You guys are making it much harder than it is. Occupancy periods on mortgage loans is not measured in years, it's measured in INTENT and months. And in every case I know of if your "circumstances" change then all time periods go out the window.
If you were to close on your house and intend to live in it as your primary residence at time of closing but won the lottery the next day and went out and paid cash for your new mansion which became your primary residence then that's a changed circumstance. You may have to prove that to the FBI when they come knocking on your door, but with proof your circumstances changed then you are home free and clear. Lose your job just after you close? That's a changed circumstance.
I'll have to check tomorrow to see what VA says about it, but FHA, Fannie Mae, Freddie Mac, & Ginnie Mae don't have a problem with it.

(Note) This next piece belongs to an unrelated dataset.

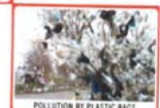
POLLUTION BY PLASTIC BAGS
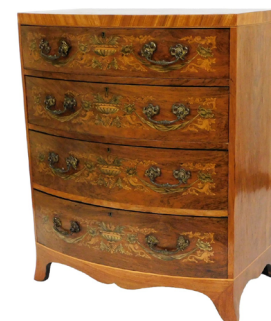
An Edwardian mahogany and kingwood crossbanded bow front chest of four long graduated drawers, with boxwood and ebony line inlay, the drawers marquetry inlaid in satinwood and sycamore, with urns of scrolling leaves and pine cones, mythical sea creatures and drapes emanating from their mouths, raised on outswept bracket feet. SOLD for £460

I've only been doing home loans since 1974 so don't take my word for it if you don't want to, but I've sat down in front of the FBI guys to have just this conversation when customers of mine had a changed circumstance.
In reply to carguy123:
False I practice real estate law and every mortgage loan i've ever closed for primary residences in usa contains many use clauses, including a use clause that requires you to reside, in the property. If you purchase a house as investment property you pay a higher rate, must put more down, but then you could rent it out or live in it yourself. of course if you rent it out and make the mortgage payment i don't know how they would ever find out.

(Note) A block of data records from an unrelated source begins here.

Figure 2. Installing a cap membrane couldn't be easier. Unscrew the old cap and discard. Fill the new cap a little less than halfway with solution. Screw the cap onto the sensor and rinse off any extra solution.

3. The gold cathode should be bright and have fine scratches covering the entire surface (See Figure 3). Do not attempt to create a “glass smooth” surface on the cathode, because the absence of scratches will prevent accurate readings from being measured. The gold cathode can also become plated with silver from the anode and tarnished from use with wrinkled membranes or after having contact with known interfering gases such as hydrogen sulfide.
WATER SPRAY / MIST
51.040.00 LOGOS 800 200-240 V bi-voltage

I checked with Fannie Mae this morning and the occupancy clause is definitely intent at time of PURCHASE only. They do not restrict usage after purchase - within reason. That is the reason for the required number of months occupancy, to prove that when you purchased the property you truly intended to occupy the property as your primary residence and this wasn't just a scam to get a Non Owner Occupied house at an Owner Occupied rate & terms. If you can prove changed circumstances during the initial restricted period then you can rent the property with no legal consequences You can always rent the property but not transfer any interest in title (Contract for Deed, Lease/puchase, etc.) anytime after the initial X month period.
I talked to VA this morning and they are "out" on a decision as to whether you have a problem if you win the lottery the day after you close on a VA loan. You know how the govt is, they have to run it up the ladder and get the maximum number of people involved so that they can justify their existence.

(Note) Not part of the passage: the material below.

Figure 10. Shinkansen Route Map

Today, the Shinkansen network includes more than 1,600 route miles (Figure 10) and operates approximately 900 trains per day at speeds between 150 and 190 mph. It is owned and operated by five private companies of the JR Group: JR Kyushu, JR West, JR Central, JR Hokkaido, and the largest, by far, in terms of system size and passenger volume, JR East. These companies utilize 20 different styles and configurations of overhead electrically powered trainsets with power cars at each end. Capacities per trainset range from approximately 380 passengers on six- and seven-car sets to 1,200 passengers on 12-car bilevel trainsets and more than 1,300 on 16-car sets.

The RE attorney friend I called this morning said VA will end up being the same as the others since their language is all but identical.
With that said the Usage clause is part of the section where you agree not to commit waste which means you have to keep the collateral in such a condition as to maintain it's value. I saw a home once where they'd painted it babyE36 M3 yellow to get back at the HOA. The HOA sent pics to their lender and the lender required them to repaint the house because they'd destroyed part of the value of the collateral.
As I said, I've also sat down with the FBI guys and heard it straight from their mouths. They will not prosecute cases unless it it clear cut.